Monday, January 27, 2020

End of the world

How preposterous is it to wallow in one’s own misery, misery that is not particularly painful or particularly acute?  How preposterous is it to contemplate self-pity when others have clearly got it much worse.  Does any one cancer register in the grand scheme of things?  Does it deserve any attention, even from the patient, when children die of hunger or cities of millions are quarantined to contain a poorly characterized but rapidly spreading virus?

I’m not particularly driven towards introspection, but sometimes I think more questions – and a record of the answers – would be quite helpful.  As I near the end of my seventh chemo session, the symptoms, weak throughout, are further receding.  Tomorrow morning, I expect them to be gone.  But what reason do I have to expect anything?

Two weeks on, I cannot recall details of the previous session.  Fatigue is the only thing that comes to my mind.  The session before that, anchored in my memory by the coincidence with Christmas, appears equally blank.  I was dead-exhausted, but don’t remember any suffering.  I slept everything off, though it took a few days.  Were there other symptoms?  I keep a blog but quickly forget what I write, and what I write is highly incomplete.

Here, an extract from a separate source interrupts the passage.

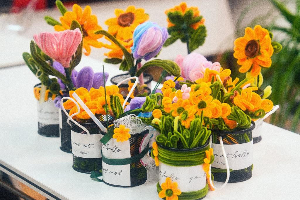 同学们对照网络教程自学,一根根普通的扭扭棒在她们手中仿佛拥有了生命,通过巧妙的扭、折、粘,一朵朵充满创意的手工花在指尖绽放,一个个精美的花束造型逐渐成型,他们用巧手与创意开展了一场春日手工之约。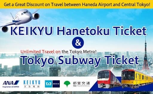 Mua tập vé giá rẻ này và nhận Vé KEIKYU Hanetoku (vé khứ hồi để đi từ Ga 1, 2 hoặc Ga 3 của Sân bay Haneda đến Ga Sengakuji) và Vé tàu điện ngầm Tokyo (vé đặc biệt để hành khách đi không giới hạn trên tất cả các Tuyến tàu điện ngầm Tokyo Metro và Toei).

This session, I didn’t feel exhausted but just a little bit tired.  It didn’t hold me back in any way.  More serious was the digestive turmoil.  It kept me close to the toilet and alert to signals from my gut.  I ate all right and with an almost normal appetite.  The extraction of nutrients probably worked fine, but the ejection of waste products proceeded rather inconsistently.

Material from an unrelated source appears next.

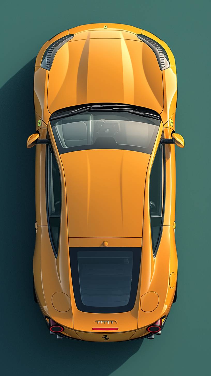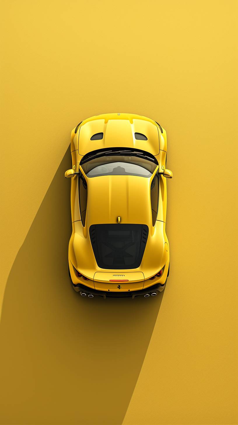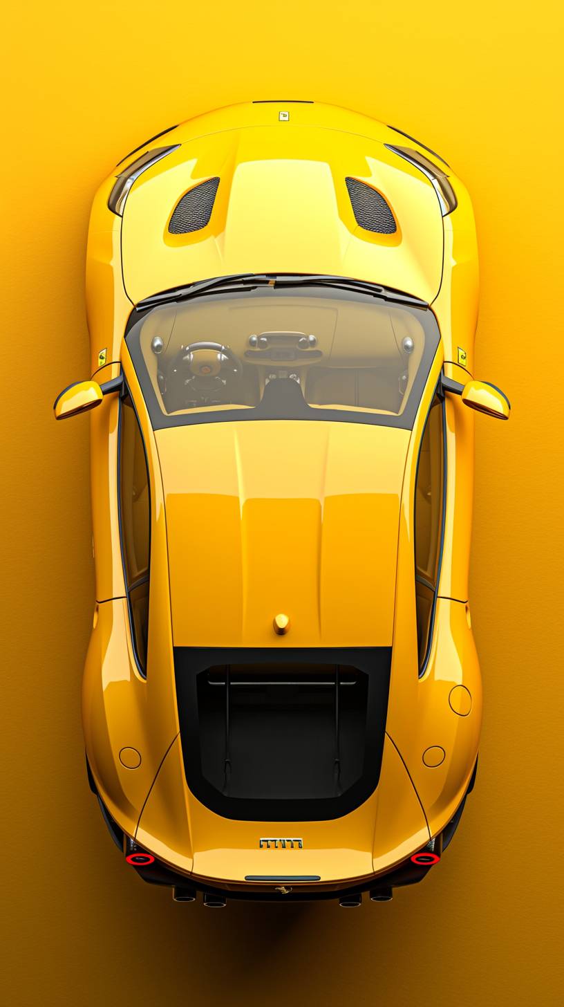從上方看到的法拉利羅馬玩具車,其比例小巧如微型機械玩具,細節豐富且低多邊形。車身顏色為黃色,無背景。設計應具有鮮豔的色彩,突出空氣動力學特徵,並且專為電子遊戲風格化,喚起收藏玩具車的感覺。

Tonight, the upheaval seemed over.  Time to sit down for a movie and eat some treats.  I turned on Netflix to find a program to match my patchy health and the current state of the world where panic starts to be deemed a sensible response to outrageous events.  The Plague, a Spanish show, isn’t available in Switzerland yet.  Contagion has lengths in its third quarter that rule it out for a workday evening.  All other pandemic films and series seemed just a tad too dispiriting to merit consideration.  What good is the end of the world if you can’t have a good laugh?  Might as well read the news.

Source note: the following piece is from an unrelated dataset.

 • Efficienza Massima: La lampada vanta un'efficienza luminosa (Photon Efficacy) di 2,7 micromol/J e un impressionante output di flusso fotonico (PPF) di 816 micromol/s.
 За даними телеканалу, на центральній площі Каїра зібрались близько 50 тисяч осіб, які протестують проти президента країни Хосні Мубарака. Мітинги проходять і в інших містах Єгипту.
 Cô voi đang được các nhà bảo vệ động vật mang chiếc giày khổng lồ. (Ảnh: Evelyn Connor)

In March, I’m supposed to travel to China to visit partners, customers and leads.  The new coronavirus out of Wuhan doesn’t seem particularly virulent, and we have no business there.  And yet, I’m having second thoughts.  The virus pounces on people with weak or weakened immune systems – children, the elderly and the sick.  I might not like it or even believe it, but this puts me squarely in its target.  Given the current situation, this trip would not be wise and will probably not take place.  Another two chemotherapy sessions, with unspecified side-effects, seem much more appealing, even though all I do is expect nothing at all.